Approach I tried to calculate count on the datastream:

1> Read data from table (say past 2 days of data) as Datastream

2> apply Key operation on the datastream

3> then use reduce function to find count, sum and average.

I have written output to file and also inserted into table: sample data from file is:

vehicleId=aa, count=1, fuel=10, avgFuel=0.0

vehicleId=dd, count=1, fuel=7, avgFuel=0.0

vehicleId=dd, count=2, fuel=22, avgFuel=11.0

vehicleId=dd, count=3, fuel=42, avgFuel=14.0

vehicleId=ee, count=1, fuel=0, avgFuel=0.0

what I am looking for is , when there are multiple records with same vehicle Id I see that only the final record is having correct values (like vehicleId=dd). Is there any way to get only one final record for each vehicle as shown below:

vehicleId=aa, count=1, fuel=10, avgFuel=0.0

vehicleId=dd, count=3, fuel=42, avgFuel=14.0

vehicleId=ee, count=1, fuel=0, avgFuel=0.0

Also I request some help on how to sort whole DataStream based on one attribute. Say we have x records in one Batch Job I would like to sort and fetch X-2 position record per vehicle.

Regards,

Sunitha.

s_penakalapati@yahoo.com

Re: Working with bounded Datastreams - Flink 1.11.1

Hi All,

Request your inputs please.

Regards,

Sunitha

On Tuesday, October 27, 2020, 01:01:41 PM GMT+5:30, [hidden email] <[hidden email]> wrote:

Hi Team,

I want to use Flink Datastream for Batch operations which involves huge data, I did try to calculate count and average on the whole Datastream with out using window function.
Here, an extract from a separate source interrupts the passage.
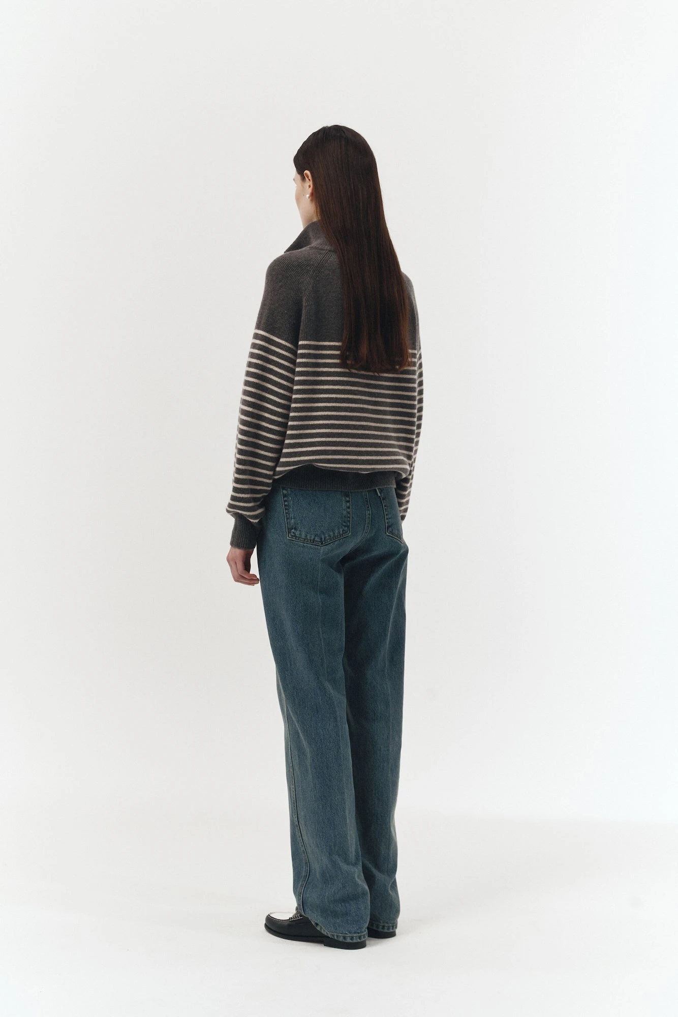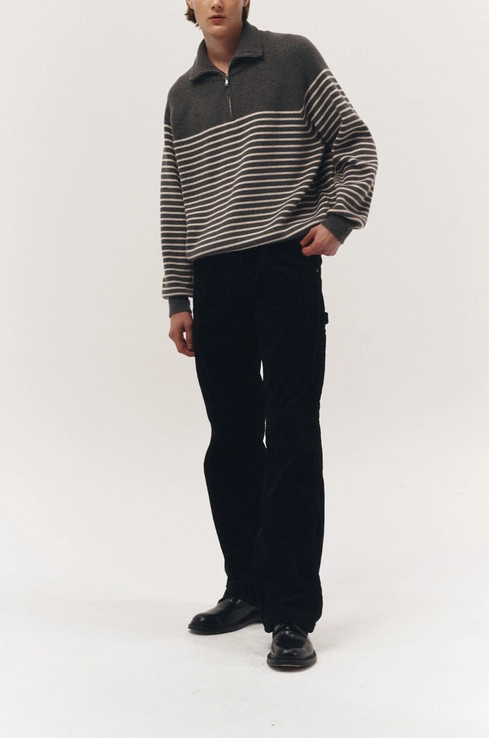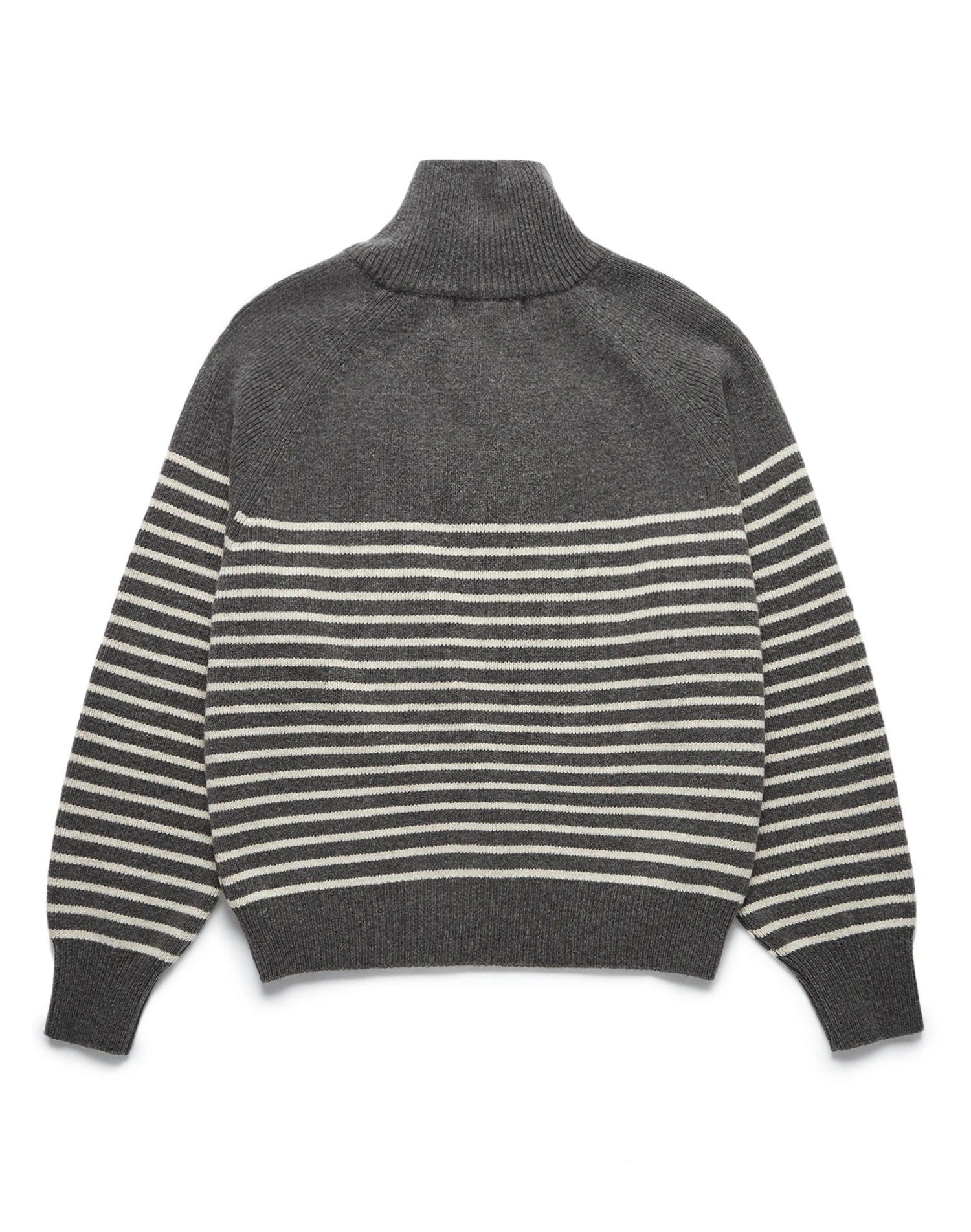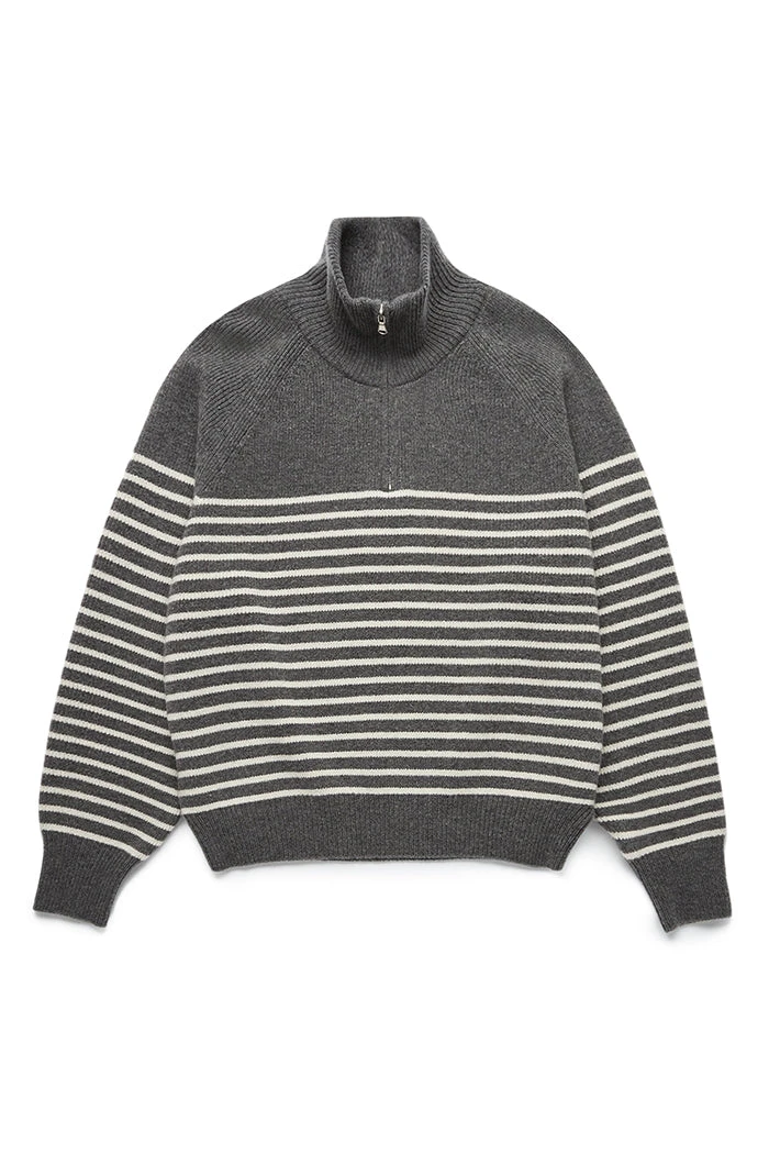 Dunst half zip stripe knit sweater in charcoal grey with cream stripes. Unisex fit.

Approach I tried to calculate count on the datastream:

1> Read data from table (say past 2 days of data) as Datastream

2> apply Key operation on the datastream

3> then use reduce function to find count, sum and average.

I have written output to file and also inserted into table: sample data from file is:

vehicleId=aa, count=1, fuel=10, avgFuel=0.0

vehicleId=dd, count=1, fuel=7, avgFuel=0.0

vehicleId=dd, count=2, fuel=22, avgFuel=11.0

vehicleId=dd, count=3, fuel=42, avgFuel=14.0

vehicleId=ee, count=1, fuel=0, avgFuel=0.0

vehicleId=aa, count=1, fuel=10, avgFuel=0.0

vehicleId=dd, count=3, fuel=42, avgFuel=14.0

vehicleId=ee, count=1, fuel=0, avgFuel=0.0

Also I request some help on how to sort whole DataStream based on one attribute. Say we have x records in one Batch Job I would like to sort and fetch X-2 position record per vehicle.

Regards,

Sunitha.

Danny Chan-2

Re: Working with bounded Datastreams - Flink 1.11.1

In SQL, you can use the over window to deduplicate the messages by the id [1], but i'm not sure if there are same semantic operators in DataStream.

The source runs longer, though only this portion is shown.